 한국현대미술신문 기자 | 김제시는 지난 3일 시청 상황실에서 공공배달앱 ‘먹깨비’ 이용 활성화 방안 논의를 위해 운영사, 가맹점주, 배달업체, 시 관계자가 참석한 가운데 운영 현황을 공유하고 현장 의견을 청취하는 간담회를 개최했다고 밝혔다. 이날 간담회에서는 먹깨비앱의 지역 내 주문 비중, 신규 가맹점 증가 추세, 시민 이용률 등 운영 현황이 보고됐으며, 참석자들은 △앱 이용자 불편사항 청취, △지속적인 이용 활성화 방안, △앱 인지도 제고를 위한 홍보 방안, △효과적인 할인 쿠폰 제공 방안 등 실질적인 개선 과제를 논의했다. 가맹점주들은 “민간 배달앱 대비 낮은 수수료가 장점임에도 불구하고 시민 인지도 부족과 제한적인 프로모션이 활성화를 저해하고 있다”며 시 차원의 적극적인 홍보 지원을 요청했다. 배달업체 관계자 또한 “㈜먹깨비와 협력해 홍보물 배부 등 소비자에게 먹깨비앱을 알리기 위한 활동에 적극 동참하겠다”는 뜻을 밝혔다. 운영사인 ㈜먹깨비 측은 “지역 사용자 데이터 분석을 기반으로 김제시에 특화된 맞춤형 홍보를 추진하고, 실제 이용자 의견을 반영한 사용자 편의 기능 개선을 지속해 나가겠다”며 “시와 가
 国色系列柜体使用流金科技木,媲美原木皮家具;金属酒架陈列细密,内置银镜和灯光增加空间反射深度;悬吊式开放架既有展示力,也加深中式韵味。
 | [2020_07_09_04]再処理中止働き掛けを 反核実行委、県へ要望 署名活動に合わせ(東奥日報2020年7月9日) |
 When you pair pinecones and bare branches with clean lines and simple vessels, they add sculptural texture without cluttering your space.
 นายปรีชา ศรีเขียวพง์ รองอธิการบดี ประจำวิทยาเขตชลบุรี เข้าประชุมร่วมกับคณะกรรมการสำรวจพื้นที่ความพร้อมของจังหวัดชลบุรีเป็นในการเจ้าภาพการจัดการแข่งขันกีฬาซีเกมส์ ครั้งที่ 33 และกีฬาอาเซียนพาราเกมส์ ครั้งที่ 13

==================================================

## What to work on
Write the records out again, character for character.

## Solution
 한국현대미술신문 기자 | 김제시는 지난 3일 시청 상황실에서 공공배달앱 ‘먹깨비’ 이용 활성화 방안 논의를 위해 운영사, 가맹점주, 배달업체, 시 관계자가 참석한 가운데 운영 현황을 공유하고 현장 의견을 청취하는 간담회를 개최했다고 밝혔다. 이날 간담회에서는 먹깨비앱의 지역 내 주문 비중, 신규 가맹점 증가 추세, 시민 이용률 등 운영 현황이 보고됐으며, 참석자들은 △앱 이용자 불편사항 청취, △지속적인 이용 활성화 방안, △앱 인지도 제고를 위한 홍보 방안, △효과적인 할인 쿠폰 제공 방안 등 실질적인 개선 과제를 논의했다. 가맹점주들은 “민간 배달앱 대비 낮은 수수료가 장점임에도 불구하고 시민 인지도 부족과 제한적인 프로모션이 활성화를 저해하고 있다”며 시 차원의 적극적인 홍보 지원을 요청했다. 배달업체 관계자 또한 “㈜먹깨비와 협력해 홍보물 배부 등 소비자에게 먹깨비앱을 알리기 위한 활동에 적극 동참하겠다”는 뜻을 밝혔다. 운영사인 ㈜먹깨비 측은 “지역 사용자 데이터 분석을 기반으로 김제시에 특화된 맞춤형 홍보를 추진하고, 실제 이용자 의견을 반영한 사용자 편의 기능 개선을 지속해 나가겠다”며 “시와 가
 国色系列柜体使用流金科技木,媲美原木皮家具;金属酒架陈列细密,内置银镜和灯光增加空间反射深度;悬吊式开放架既有展示力,也加深中式韵味。
 | [2020_07_09_04]再処理中止働き掛けを 反核実行委、県へ要望 署名活動に合わせ(東奥日報2020年7月9日) |
 When you pair pinecones and bare branches with clean lines and simple vessels, they add sculptural texture without cluttering your space.
 นายปรีชา ศรีเขียวพง์ รองอธิการบดี ประจำวิทยาเขตชลบุรี เข้าประชุมร่วมกับคณะกรรมการสำรวจพื้นที่ความพร้อมของจังหวัดชลบุรีเป็นในการเจ้าภาพการจัดการแข่งขันกีฬาซีเกมส์ ครั้งที่ 33 และกีฬาอาเซียนพาราเกมส์ ครั้งที่ 13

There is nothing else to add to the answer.